So both the Democratic and Republicans have officially nominated their candidates.  Remarkably — from the vantage point of just a few years ago – both Senators McCain and Obama are on record as supporting strong action for aggressive cuts in US emissions of greenhouse gases (GHGs).   In June 2008, the floor manager’s version of the Lieberman-Warner bill  – S. 2192: America’s Climate Security Act of 2007, which would cut emissions more than 50% by 2050 — came close to passing the Senate.   Some think that with the likely Democratic gain in Senate seats in November, and a more supportive White House, a form of the bill may well pass next year.

(Incidentally, the July Snowmass presentations regarding Integrated Assessment models of the effects of such emission-reduction policy plans, which I plugged in my preceding blog post, will be accessible to the public any day now.)

But issues of competitiveness and how to address it have risen to the top in the climate change policy debate among politicians.      The Lieberman-Warner bill – would have required the president to determine what countries have taken comparable action to limit GHG emissions;  for imports of covered goods from covered countries, the importer would then have had to buy international reserve allowances – equivalent to a tariff.  (The same with some of the bill’s competitors such as the Bingaman-Specter “Low Carbon Economy Act” of 2007.)

In theory, there is a possible legitimate role for border adjustments in facilitating a multilateral regime such as the Kyoto Protocol.  One might think of penalties on carbon-intensive imports:

1.      as sanctions to apply pressure on non-participants,

2.      as a calibrated “countervailing duty” to equalize a distortion that will otherwise see carbon-intensive activities migrate to less-regulated countries (a phenomenon known as leakage)   or

3.      as political reassurance to domestic firms worried about their international competitiveness.
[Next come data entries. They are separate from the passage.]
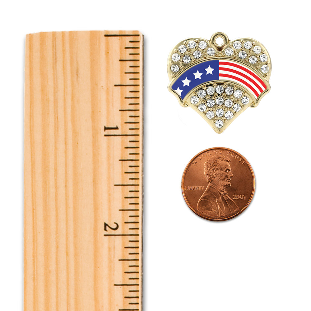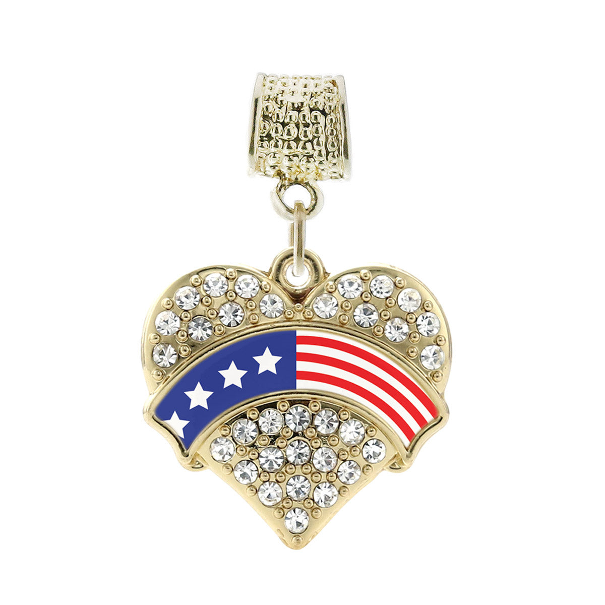 Our sparkling memory charm, equipped with a stylish charm attachment ring and the American Flag pave heart charm, is crafted from white metal with a gold plated finish and accented with cubic zirconia stones.
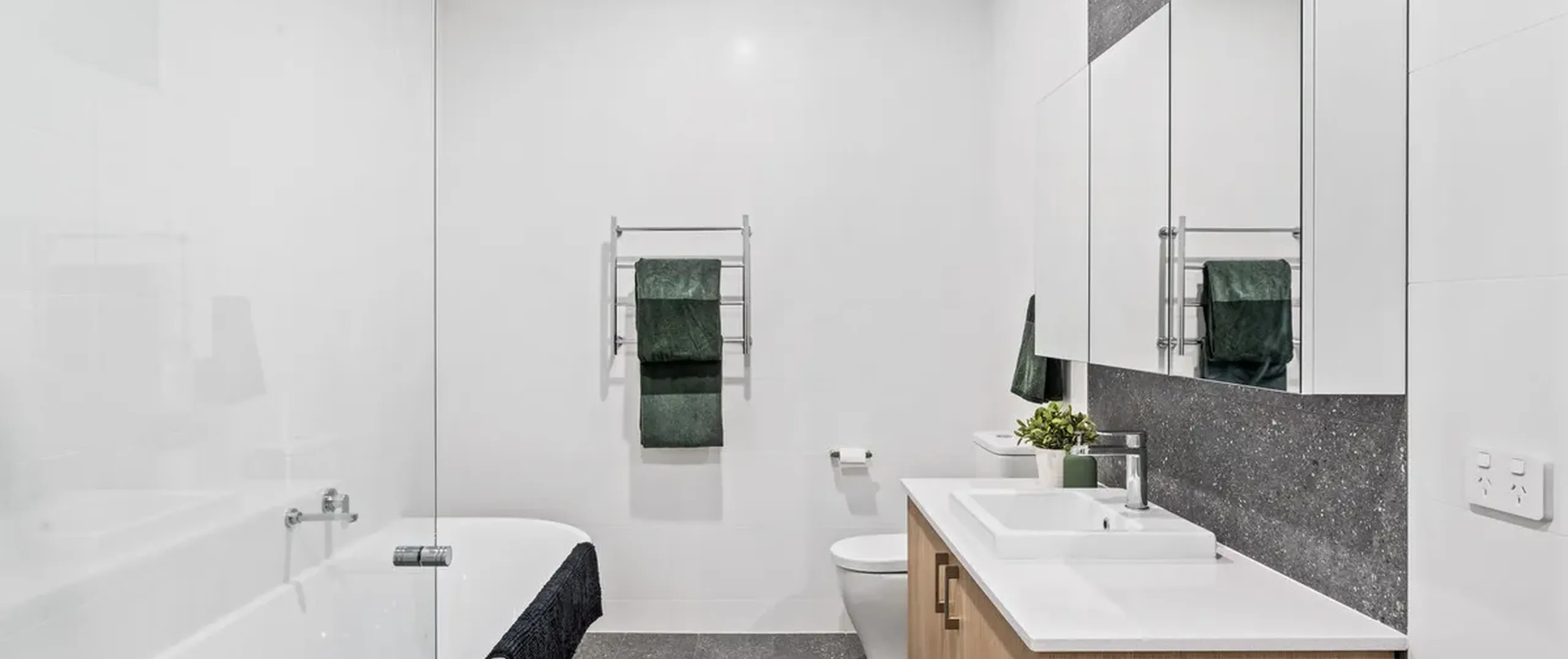 - Generous master bedroom with wall-length built-in robe and stylish ensuite with floor to ceiling tiles
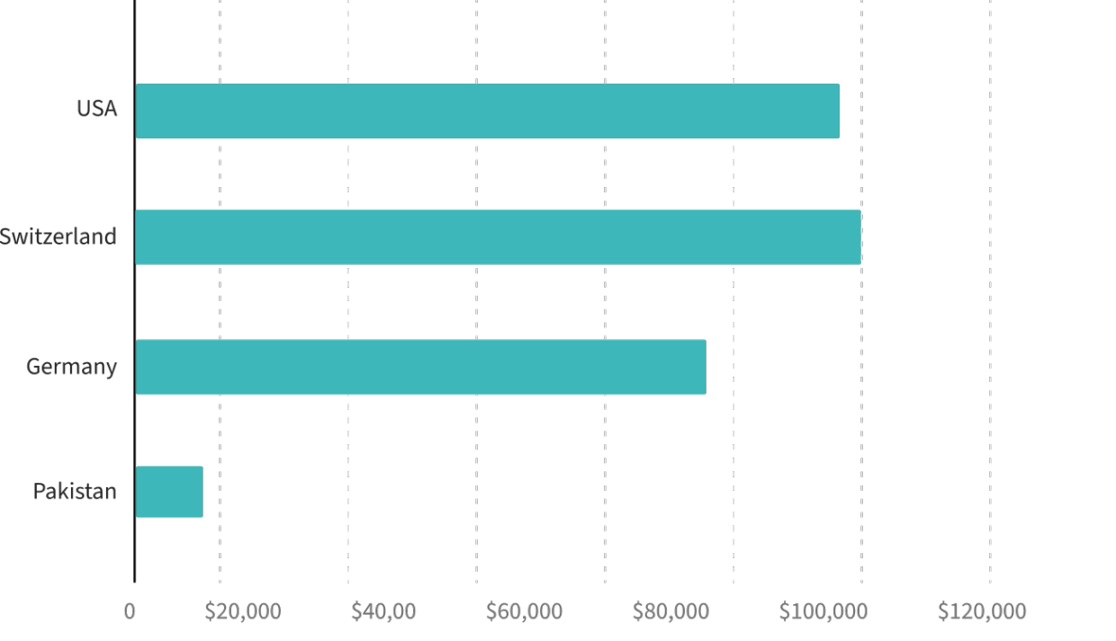 • Pakistan: $10,000 – $30,000

If designed properly, they need not necessarily be inconsistent with the WTO (World Trade Organization).    There are precedents, most importantly (and most ironically) the famous/infamous shrimp/turtle case.

But U.S. politicians are unlikely to do it properly.   They may be unaware that the US is more likely to end up as the target of such tariffs than as the enactor – to end up as the defendant, rather than as the prosecutor.   The European Union is way ahead of us in cutting back GHG emissions under the Kyoto protocol, and its EC Directive earlier this year had similar language calling for penalties aimed at shirking competitors.   That’s us.  The difference between their provisions for dealing with shirkers and ours is that their system is already in operation, while for the time being, we are the shirkers.  So US politicians had better look before they leap on this one.

The Brookings Institution had a conference in June that was well-focused on this set of policy issues, organized by Lael Brainard.  Interested readers can link to the papers at Climate Change, Trade and Competitiveness: Is a Collision Inevitable ?    Mine was titled  “Addressing the Leakage/Competitiveness Issue In Climate Change Policy Proposals,” in the panel on Proposals to Deal with Leakages.

The issues are reminiscent of larger fears on the part of anti-globalizers — that the WTO and free trade are obstacles to environmental regulation more generally — fears that I think are largely misplaced.   With well-designed multilateral policies, we can work to protect the global environment while simultaneously preserving the economic advantages of free trade.

I am also working on a broader project to address the design of climate change policy architecture as part of the HPICA initiative at Harvard directed by Joe Aldy and Rob Stavins.


Originally published at Jeff Frankel’s Weblog and reproduced here with the author’s permission.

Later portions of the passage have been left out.